Given a dataset consisting of a set of points (vectors) in a high dimensional space, the main idea of PCA is to find the directions, also called principal components, along which the points line up best and make a projection on these components to create a new reduced dataset, but capturing the most relevant information.
The PCA algorithm starts by choosing the number of principal components (number of dimensions to reduce), then the covariance matrix of the dataset is calculated, as well as the eigenvectors and eigenvalues of this matrix. The eigenvectors are used to perform the transformation and eigenvalues to choose which eigenvectors are taken. The N-eigenvectors with the highest corresponding eigenvalues (in descend order) are used as to build a transformation matrix. Finally, to obtain a low dimensional dataset with new features, the original dataset is multiplied by the transformation matrix. The whole process is described in the next image, which provides an outline of the basic PCA algorithm.
Implementing algorithm in Python
Depending on each dataset, the selection of the number of dimensions may vary. In this post we generate a 2-dimensional dataset and reduce it to a 1-dimensional dataset, but these parameters can be easily modified to apply the PCA algorithm with different datasets.
Importing libraries
First, we import the necessary libraries for the code, which includes:
# Importing libraries
import numpy as np
from numpy.linalg import eig
from sklearn.preprocessing import normalize
from sklearn.decomposition import PCA as PCA_sklearn
from sklearn.preprocessing import StandardScaler
from scipy.stats import multivariate_normal
import matplotlib.pyplot as plt
- numpy: Provides mathematical functions for arrays, we also import the function eig to calculate eigenvalues and eigenvectors.
- sklearn: Library that contains methods for data preprocessing and machine learning models. In this post the functions imported are: StandardScaler, which standardize features by removing the mean and scaling to unit variance; normalize, that normalizes vectors to unit norm and PCA_sklearn, it provides an implementation of the PCA algorithm.

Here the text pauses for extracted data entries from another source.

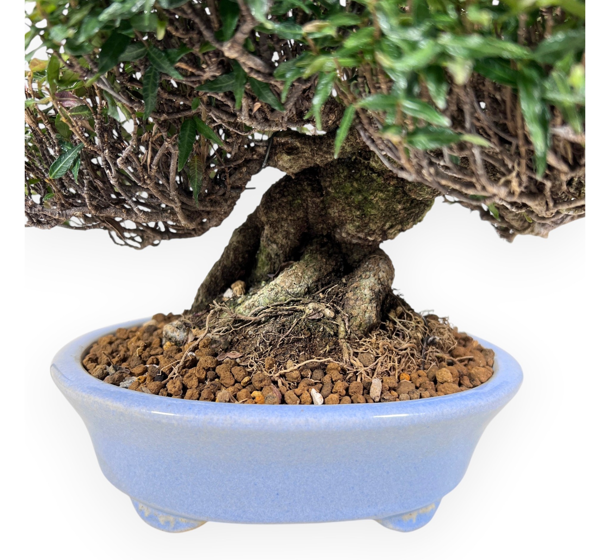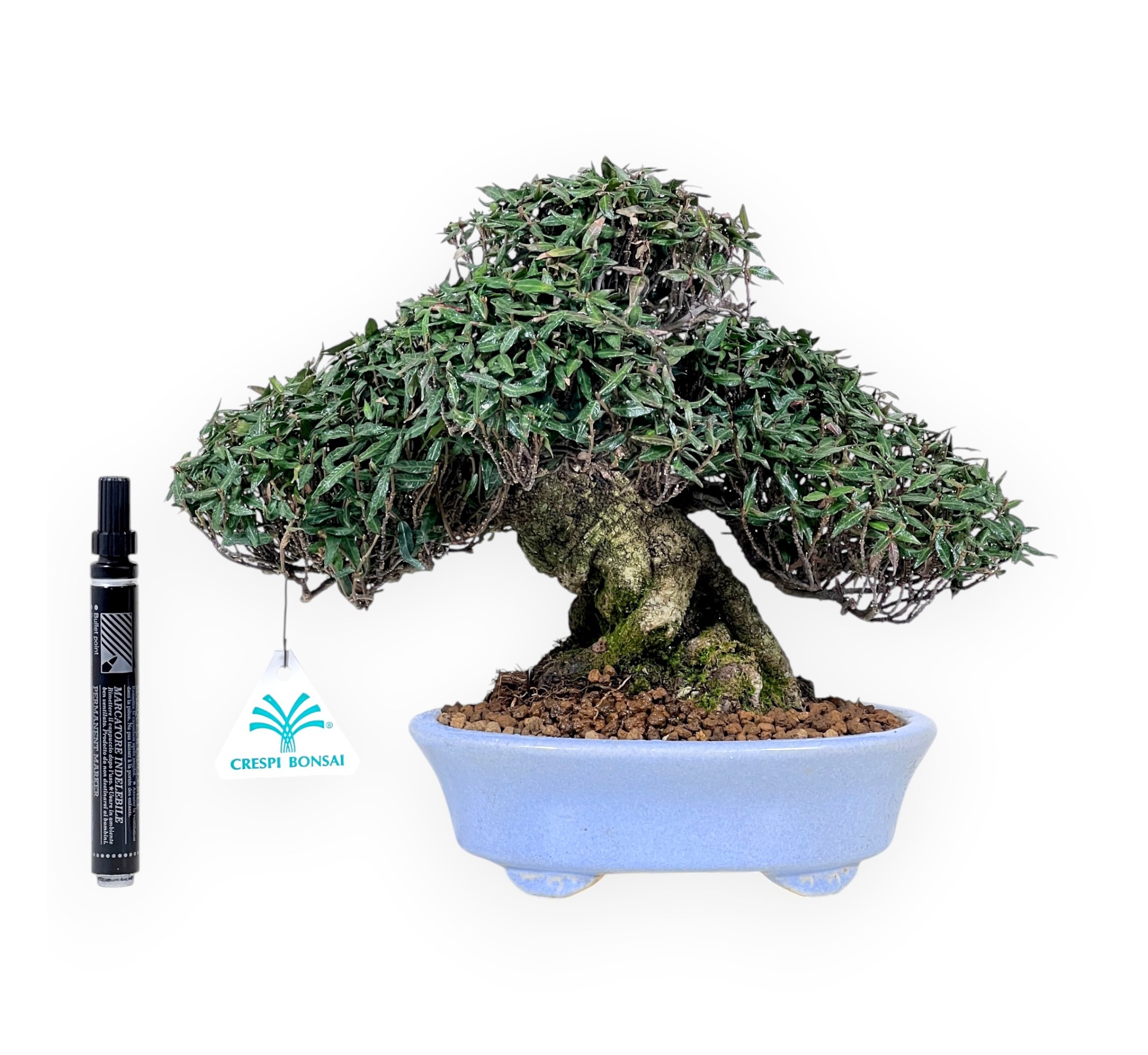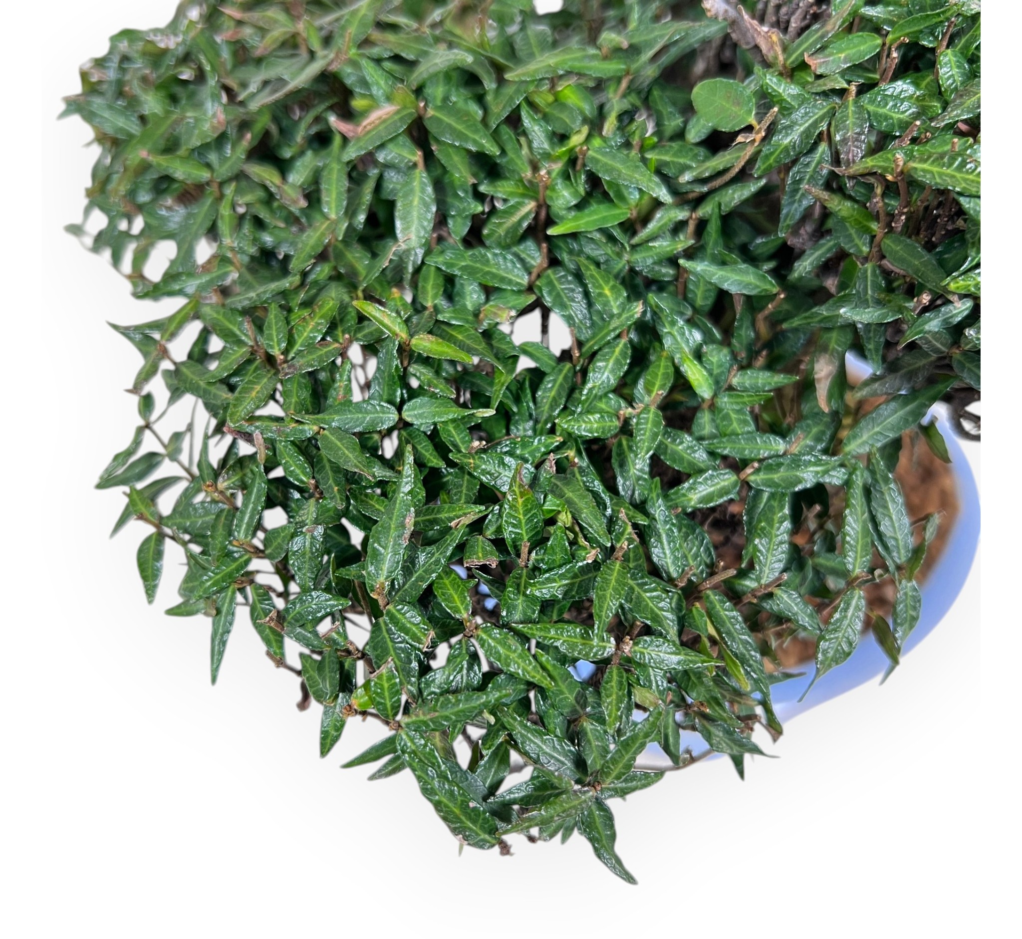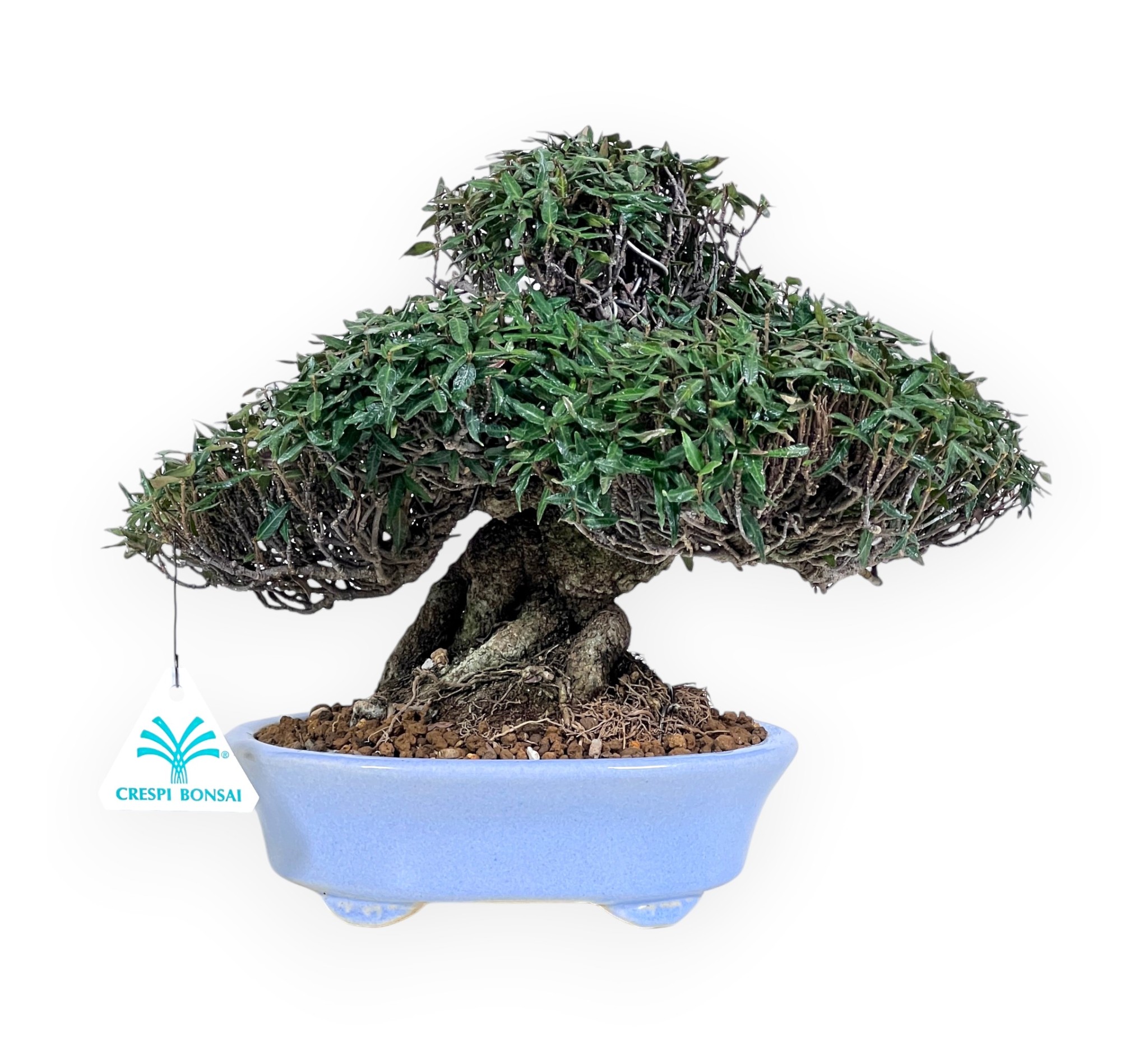Bonsai shohin di Trachelospermum asiaticum (gelsomino orientale), specie sempreverde elegante e resistente, caratterizzata dal piccolo e fitto fogliame, con sfumature che virano dal verde al rosso durante l'alternarsi delle stagioni. Durante la primavera, le nuove foglioline assumono bellissime tonalità rossastre o bronzo, che con il tempo virano a un verde intenso e brillante in estate. Con l’arrivo dell’autunno, parte del fogliame si tinge di sfumature rosse e rame, mantenendo comunque un aspetto fitto e decorativo anche in inverno. Inoltre nel periodo tra la fine della primavera e l'inizio dell'estate può produrre una fioritura discreta ma raffinata, con piccoli fiori bianchi profumati che emergono tra il fogliame, aggiungendo un tocco di eleganza alla pianta. È coltivato in vaso ovale in grès smaltato azzurro, che valorizza la struttura e i colori della chioma.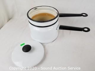 Lot #0090: Cast Iron Dutch Oven & Enamelware Cookware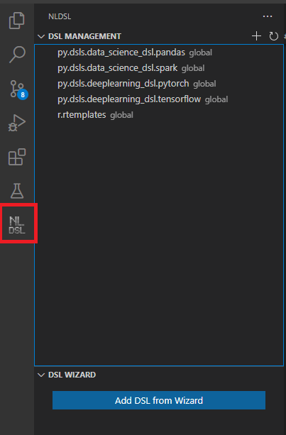 You can also import an existing DSL (e.g. created by another user) into the NLDSL extension by clicking the + button in the top right corner of the NLDSL sidebar. Make sure to follow the instructions of the wizard.

- scipy: provides algorithms for optimization, integration, statistics and many other classes of problems. In this post we imported the function multivariate_normal, it enables the generation of random samples from a multivariate normal distribution.
- matplotlib: It's a comprehensive library for creating static, animated, and interactive visualizations.
Defining Functions
We define two functions: createDataset and PCA
# Create bivariate dataset
def createDataset(cov, mean, n_points, seed = 101):
# Defining dataset
distr = multivariate_normal(cov = cov, mean = mean, seed = seed)
X = distr.rvs(size = n_points)
# Scaling dataset
sc = StandardScaler()
X_scaled = sc.fit_transform(X)
return X_scaled
# PCA algorithm
def PCA(X, n_components):
# Calculating matrix of covariance
cov_matrix = np.cov(X.T)
# Eigenvectors and eigenvalues
eigenvalues, eigenvectors = eig(cov_matrix)
sort = np.argsort(eigenvalues)[::-1]
eigvalues_sort = eigenvalues[sort]
# Principal Components
eigvectors_sort = normalize(eigenvectors.T[sort], axis = 0)
# Matrix of transformation
transformation_matrix = eigvectors_sort.T
# Applying transformation to original dataset
reduced_dataset = X @ transformation_matrix[:,0:n_components]
return reduced_dataset, eigvectors_sort
The createDataset function generates a bivariate dataset with a multivariate normal distribution, taking the following parameters: covariance matrix (determines the shape and orientation of the distribution), mean vector (specifies the center of the distribution), number of points to generate and seed for the random number generator (optional). This function also standardizes the dataset using the StandardScaler function to ensure that have zero mean and unit variance.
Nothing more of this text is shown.